Она внезапно подошла к нему вплотную и тронула за плечо.
— Шеф, — произнесла она, — один раз я в вас не поверила, но хочу, чтобы вы знали — больше такого не повторится. Правы вы там или нет — я на вашей стороне.
Он улыбнулся и похлопал ее по плечу:
— Хорошо, хорошо, садитесь-ка в такси и езжайте домой. Если меня будут спрашивать, вы не знаете, где меня искать.
Она кивнула и вышла, на этот раз не задержавшись в дверях.
Перри Мейсон подождал, когда она выйдет из лифта на первом этаже, выключил свет, надел пальто, заклеил конверт, взял портативку и спустился к машине. Приехав на другой конец города, он опустил письмо в почтовый ящик, а потом кружным путем поехал к водохранилищу в горах за городом. Он проехал вдоль берега, притормозил и, размахнувшись, забросил машинку в воду. Когда над поверхностью взметнулся фонтанчик, Перри Мейсон уже выжимал скорость.
Глава XIX
Батареи все еще уютно урчали, когда Перри Мейсон начал у себя в конторе разговор с Полем Дрейком:
— Поль, мне нужен рисковый парень.
— У меня их полно, — ответил Дрейк. — Что от него потребуется?

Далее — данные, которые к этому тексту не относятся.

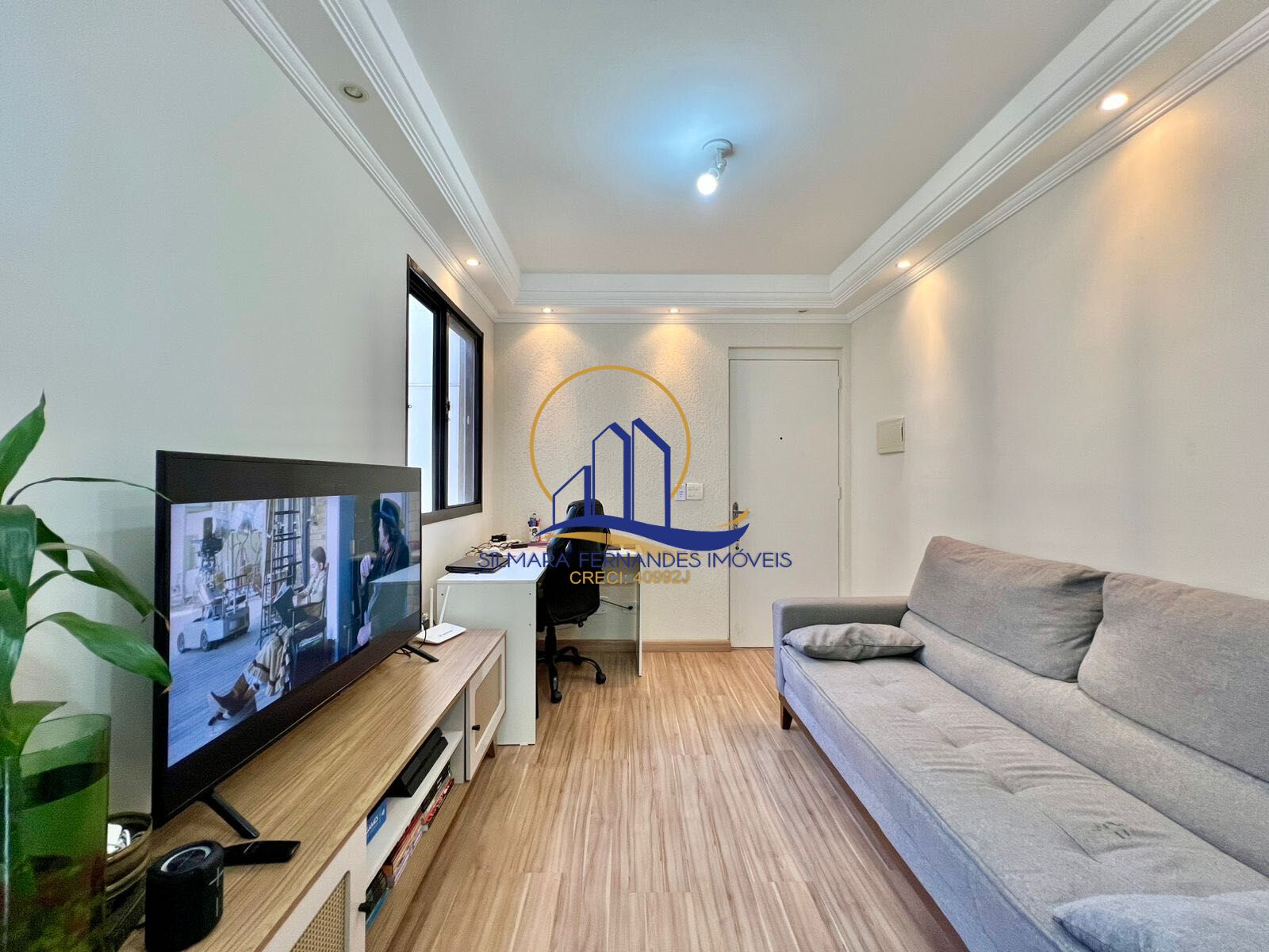 Sala dois ambientes: Sanca com iluminação ambiente, piso laminado
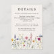 Aumente el encanto de su boda de primavera o verano con nuestra elegante tarjeta de detalles de Boda de flores silvestres, adornada con brillantes flores silvestres de acuarela y frondosas hojas en una paleta de rosa, amarillo, morado, azul y verde. Como complemento de nuestra invitación a la boda, esta elegante adición garantiza que todos los huéspedes se queden informados de los detalles esenciales del boda. Con la esencia de la belleza de la naturaleza y la sofisticación moderna, nuestra elegante tarjeta de detalles de crema de flores silvestres es la elección perfecta para parejas que buscan una armoniosa mezcla de tradición e innovación en su día especial.

— Позвонить Тельме Бентон, представиться репортером из «Кроникл» и сказать, что главный редактор дал «добро» на выплату десяти тысяч долларов за исключительное право напечатать ее дневник в том виде, в каком она его представит.
Пусть он договорится с Тельмой Бентон о встрече там, где может посмотреть этот дневник. Она может принять его одна или с кем-то. Сомпеваюсь, чтобы она отдала дневник для прочтения, но взглянуть на него позволит.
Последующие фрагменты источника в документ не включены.